**WORK ORDER:** Your answer must be an exact transcription of the data, with every picture omitted.

(DATA EXCERPT)

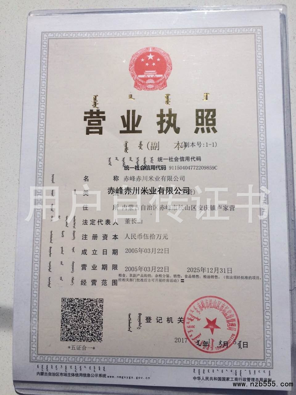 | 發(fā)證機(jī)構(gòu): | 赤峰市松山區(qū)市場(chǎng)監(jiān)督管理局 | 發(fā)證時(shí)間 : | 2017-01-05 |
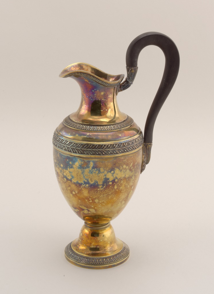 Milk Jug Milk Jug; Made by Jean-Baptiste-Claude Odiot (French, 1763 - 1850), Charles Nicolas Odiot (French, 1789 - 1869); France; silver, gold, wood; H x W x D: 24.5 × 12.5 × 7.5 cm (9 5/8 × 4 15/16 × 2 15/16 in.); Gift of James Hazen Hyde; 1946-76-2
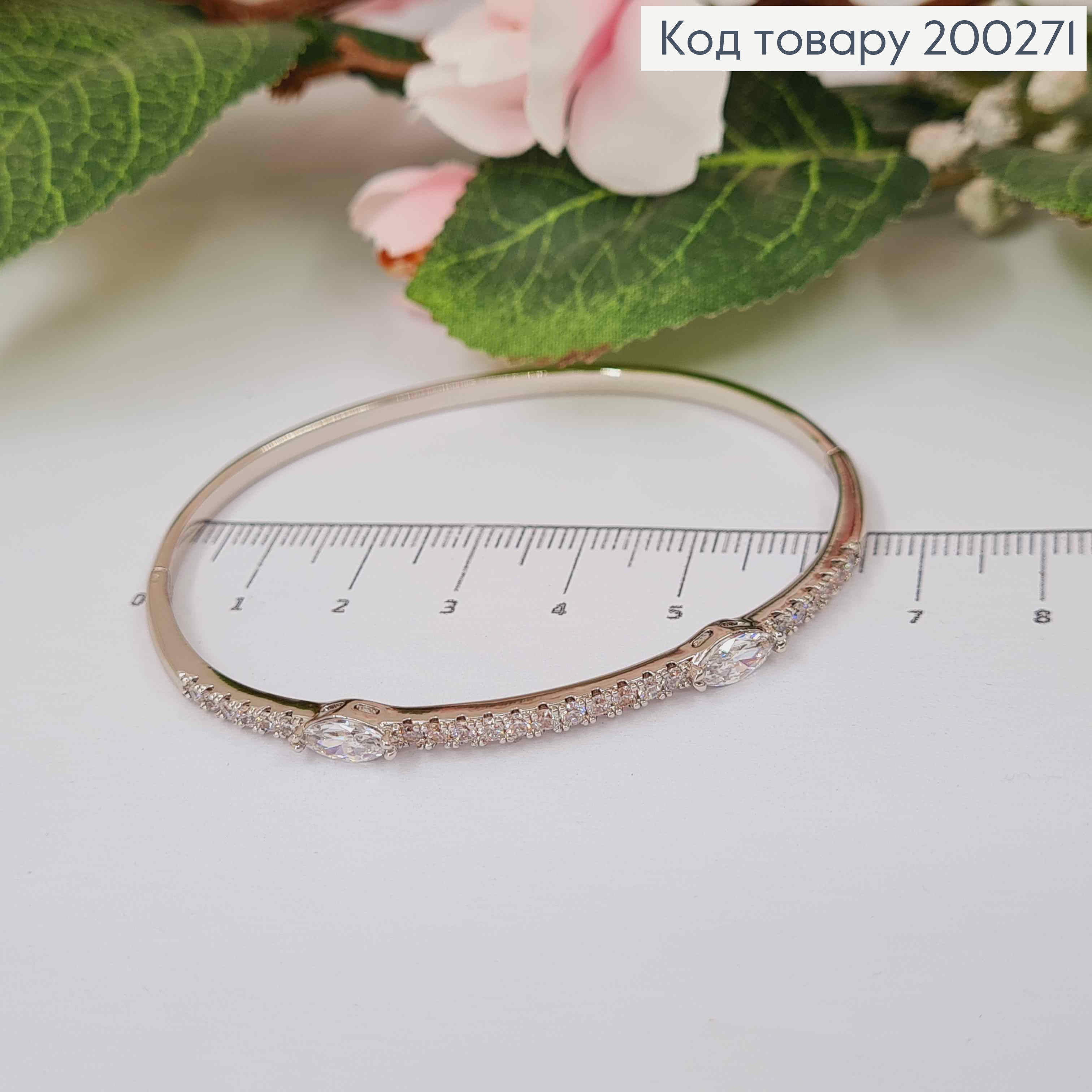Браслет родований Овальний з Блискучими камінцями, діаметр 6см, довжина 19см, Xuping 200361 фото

(End DATA EXCERPT)

**SOLUTION TO THIS TASK:**
 | 發(fā)證機(jī)構(gòu): | 赤峰市松山區(qū)市場(chǎng)監(jiān)督管理局 | 發(fā)證時(shí)間 : | 2017-01-05 |
 Milk Jug Milk Jug; Made by Jean-Baptiste-Claude Odiot (French, 1763 - 1850), Charles Nicolas Odiot (French, 1789 - 1869); France; silver, gold, wood; H x W x D: 24.5 × 12.5 × 7.5 cm (9 5/8 × 4 15/16 × 2 15/16 in.); Gift of James Hazen Hyde; 1946-76-2
Браслет родований Овальний з Блискучими камінцями, діаметр 6см, довжина 19см, Xuping 200361 фото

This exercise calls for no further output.